## Excerpted records
=== Section Start ===
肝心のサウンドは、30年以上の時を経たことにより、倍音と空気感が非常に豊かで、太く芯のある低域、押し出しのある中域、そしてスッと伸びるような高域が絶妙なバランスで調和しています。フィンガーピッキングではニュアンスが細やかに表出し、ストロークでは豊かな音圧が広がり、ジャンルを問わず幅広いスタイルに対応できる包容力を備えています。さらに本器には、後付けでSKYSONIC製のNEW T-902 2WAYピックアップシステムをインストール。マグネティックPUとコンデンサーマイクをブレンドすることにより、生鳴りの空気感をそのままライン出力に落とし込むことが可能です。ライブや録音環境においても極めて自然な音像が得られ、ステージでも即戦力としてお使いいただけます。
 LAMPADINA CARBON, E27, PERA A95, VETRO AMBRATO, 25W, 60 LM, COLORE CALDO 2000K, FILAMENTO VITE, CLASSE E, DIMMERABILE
=== Section End ===
=== Section Start ===
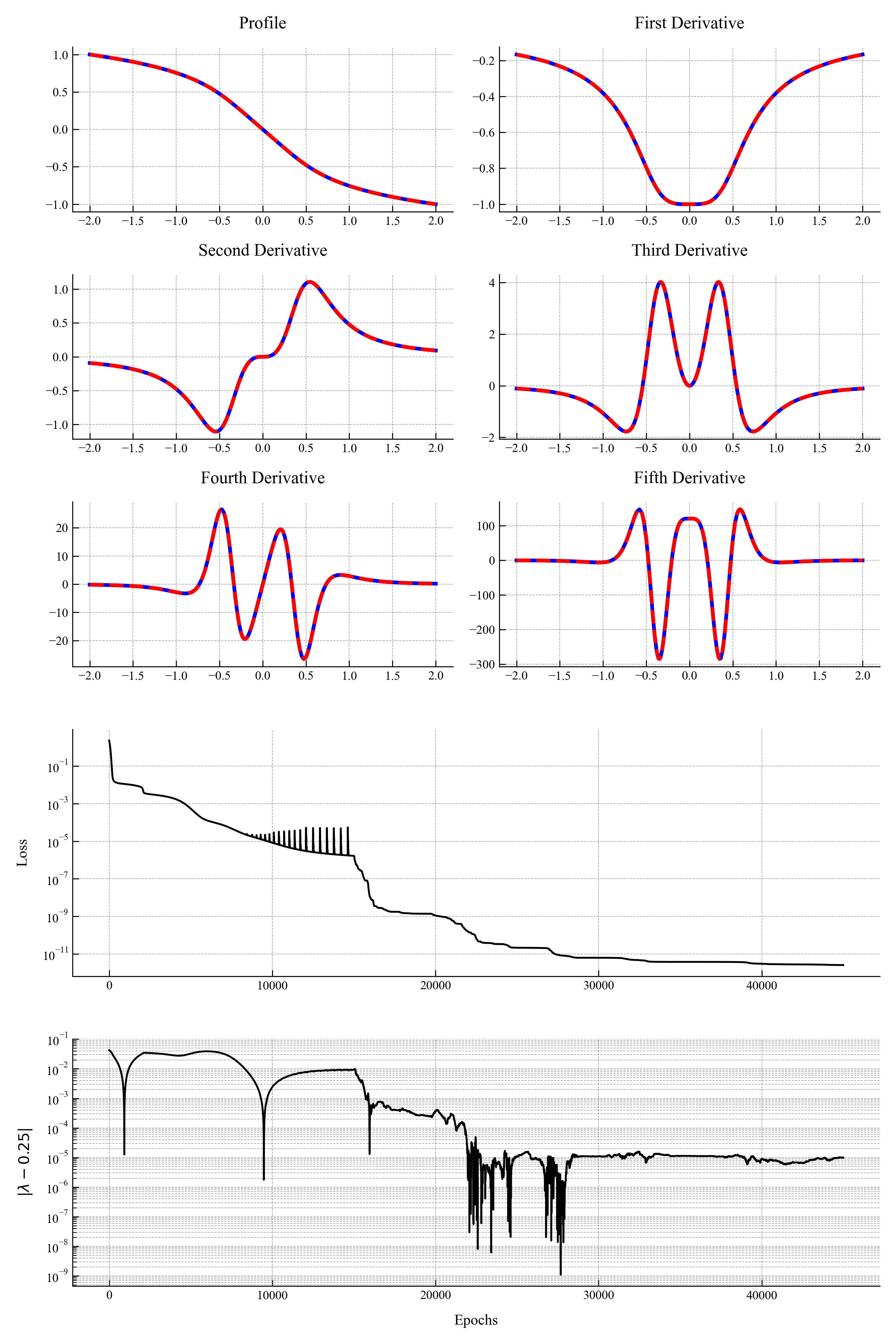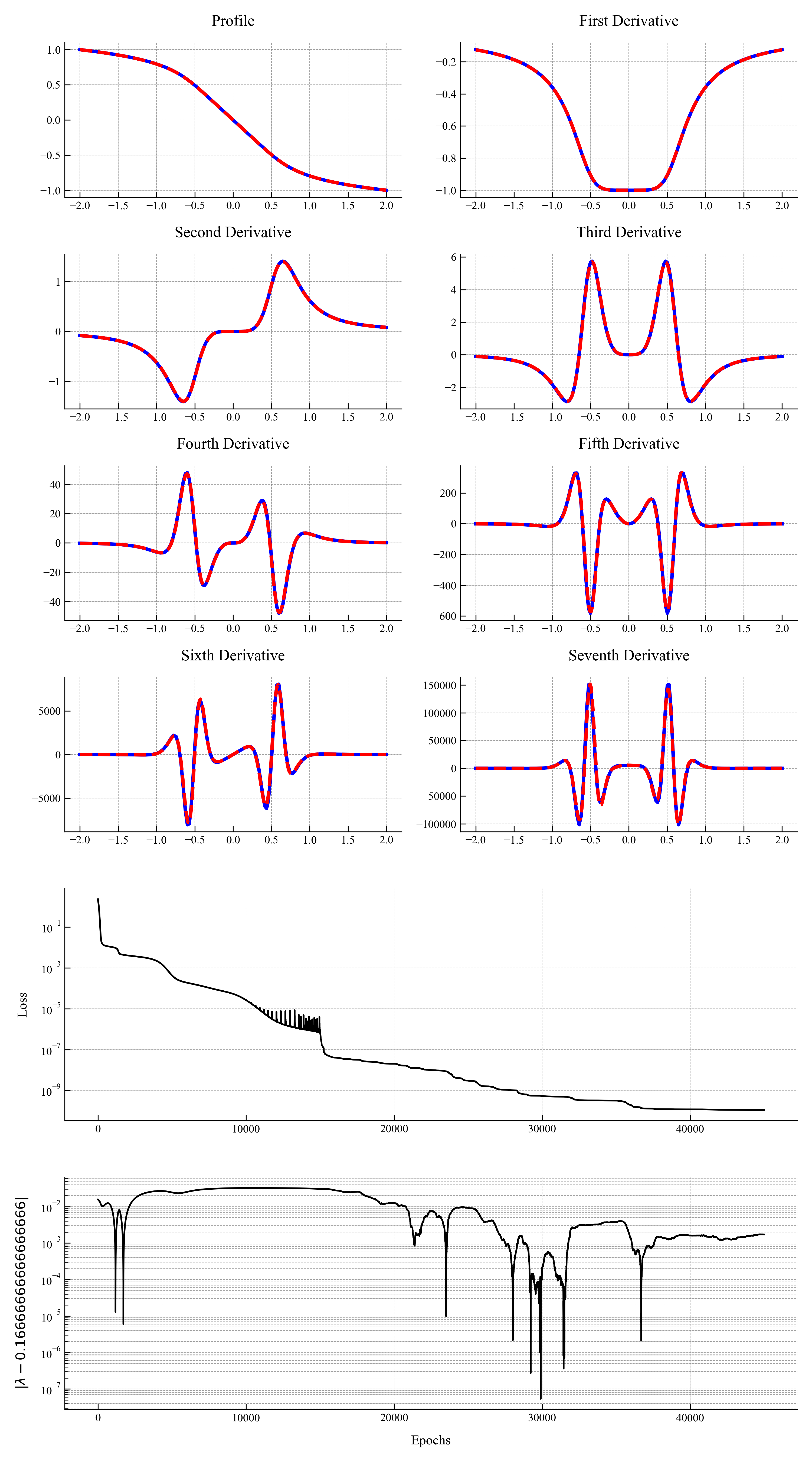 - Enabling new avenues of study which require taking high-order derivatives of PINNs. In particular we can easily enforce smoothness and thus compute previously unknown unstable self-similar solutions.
=== Section End ===
=== Section Start ===
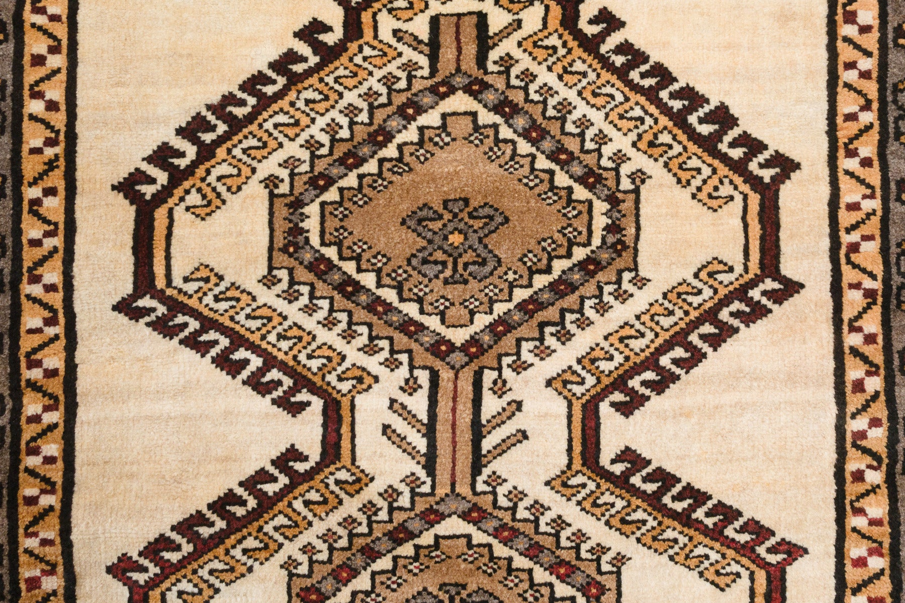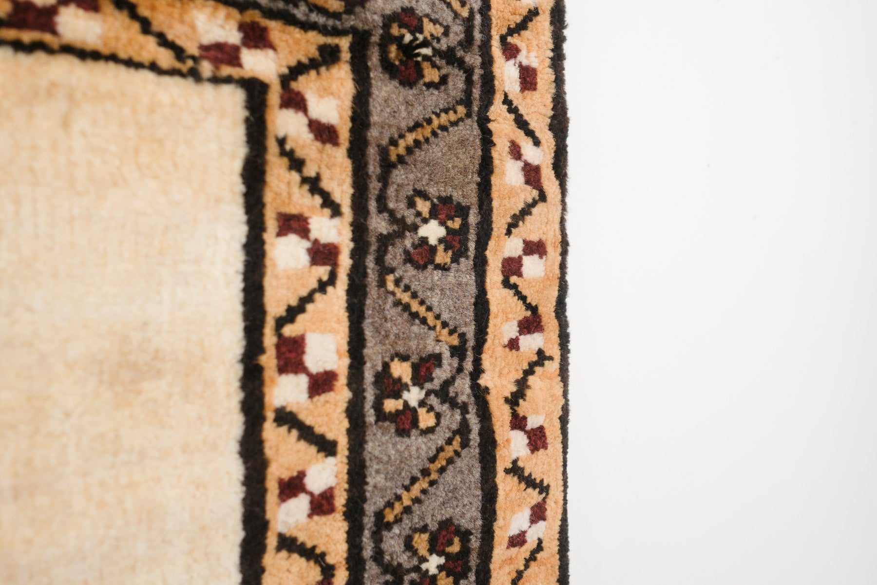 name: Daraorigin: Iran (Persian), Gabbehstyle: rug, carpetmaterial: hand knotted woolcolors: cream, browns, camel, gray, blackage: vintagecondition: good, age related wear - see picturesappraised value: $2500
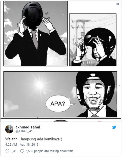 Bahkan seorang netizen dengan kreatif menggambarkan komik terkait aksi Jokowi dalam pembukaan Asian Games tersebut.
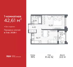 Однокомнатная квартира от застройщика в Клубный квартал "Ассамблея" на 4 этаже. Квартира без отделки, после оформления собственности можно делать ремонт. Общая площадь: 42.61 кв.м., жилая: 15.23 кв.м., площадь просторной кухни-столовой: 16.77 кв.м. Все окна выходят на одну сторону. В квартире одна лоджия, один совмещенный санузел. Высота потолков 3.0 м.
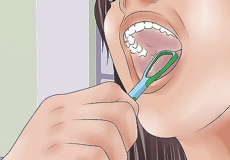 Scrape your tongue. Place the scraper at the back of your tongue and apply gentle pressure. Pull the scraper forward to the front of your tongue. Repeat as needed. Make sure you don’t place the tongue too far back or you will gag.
=== Section End ===
Using the records above, return word for word the lines that begin at the one containing "Однокомнатная квартира от" and end at the one containing "Scrape your tongue.", both of them included and no pictures.

 Однокомнатная квартира от застройщика в Клубный квартал "Ассамблея" на 4 этаже. Квартира без отделки, после оформления собственности можно делать ремонт. Общая площадь: 42.61 кв.м., жилая: 15.23 кв.м., площадь просторной кухни-столовой: 16.77 кв.м. Все окна выходят на одну сторону. В квартире одна лоджия, один совмещенный санузел. Высота потолков 3.0 м.
 Scrape your tongue. Place the scraper at the back of your tongue and apply gentle pressure. Pull the scraper forward to the front of your tongue. Repeat as needed. Make sure you don’t place the tongue too far back or you will gag.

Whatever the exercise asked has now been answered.